### YOUR OBJECTIVE
Take the lines from the one with "Зокрема, у філії" through the last line of the material below and write them out exactly, without any pictures.

------------------------

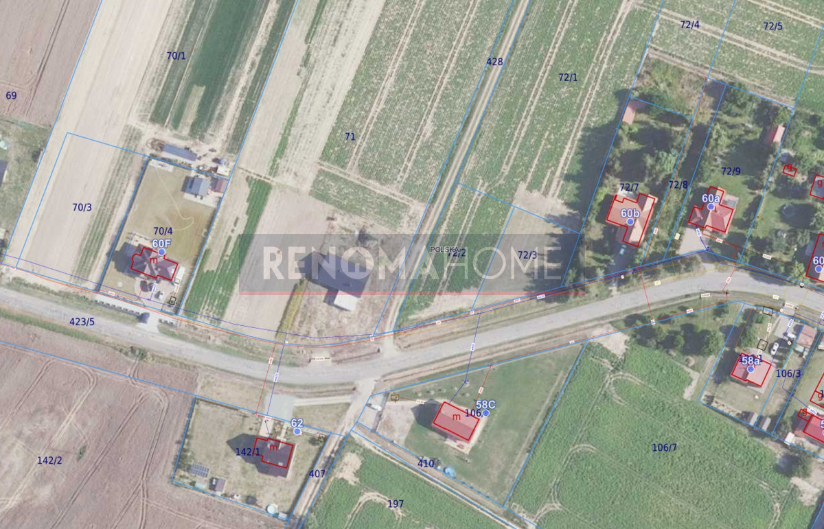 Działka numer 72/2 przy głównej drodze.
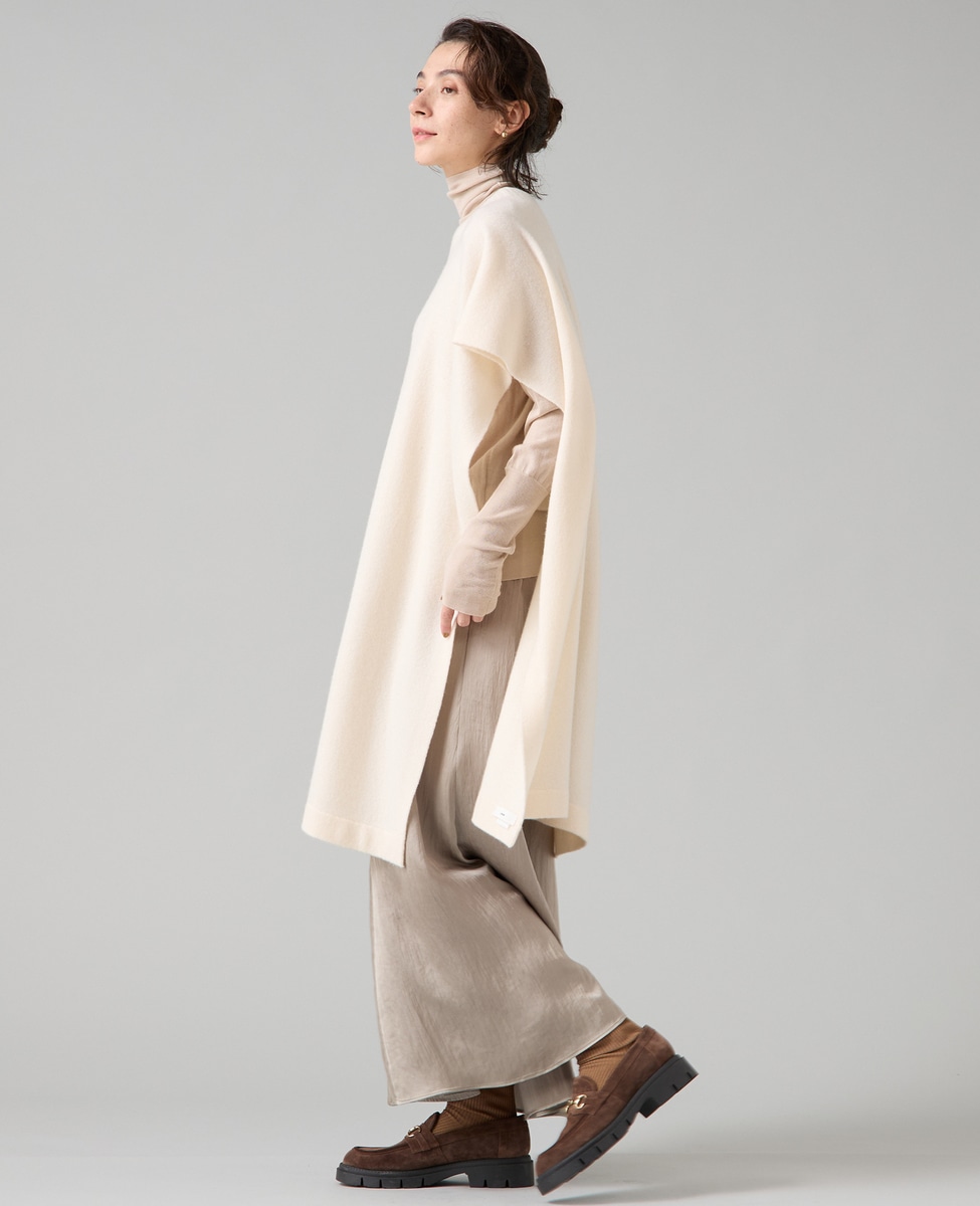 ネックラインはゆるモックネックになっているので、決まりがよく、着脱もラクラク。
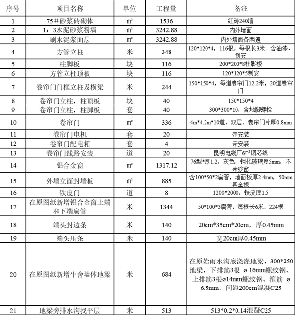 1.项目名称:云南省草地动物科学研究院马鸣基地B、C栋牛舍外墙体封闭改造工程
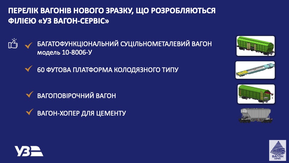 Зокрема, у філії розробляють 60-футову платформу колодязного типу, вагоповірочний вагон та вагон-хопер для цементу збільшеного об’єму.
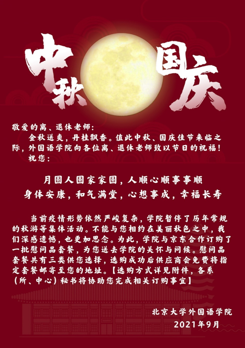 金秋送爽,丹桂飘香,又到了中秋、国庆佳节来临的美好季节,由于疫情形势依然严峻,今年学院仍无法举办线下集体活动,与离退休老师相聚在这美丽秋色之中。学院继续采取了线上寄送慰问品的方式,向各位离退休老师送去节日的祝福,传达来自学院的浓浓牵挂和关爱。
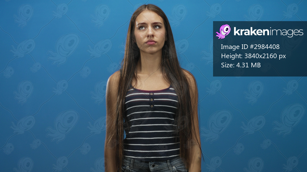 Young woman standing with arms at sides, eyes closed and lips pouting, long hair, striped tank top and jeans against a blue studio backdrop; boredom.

------------------------

### RESPONSE FOR THIS EXERCISE
 Зокрема, у філії розробляють 60-футову платформу колодязного типу, вагоповірочний вагон та вагон-хопер для цементу збільшеного об’єму.
 金秋送爽,丹桂飘香,又到了中秋、国庆佳节来临的美好季节,由于疫情形势依然严峻,今年学院仍无法举办线下集体活动,与离退休老师相聚在这美丽秋色之中。学院继续采取了线上寄送慰问品的方式,向各位离退休老师送去节日的祝福,传达来自学院的浓浓牵挂和关爱。
 Young woman standing with arms at sides, eyes closed and lips pouting, long hair, striped tank top and jeans against a blue studio backdrop; boredom.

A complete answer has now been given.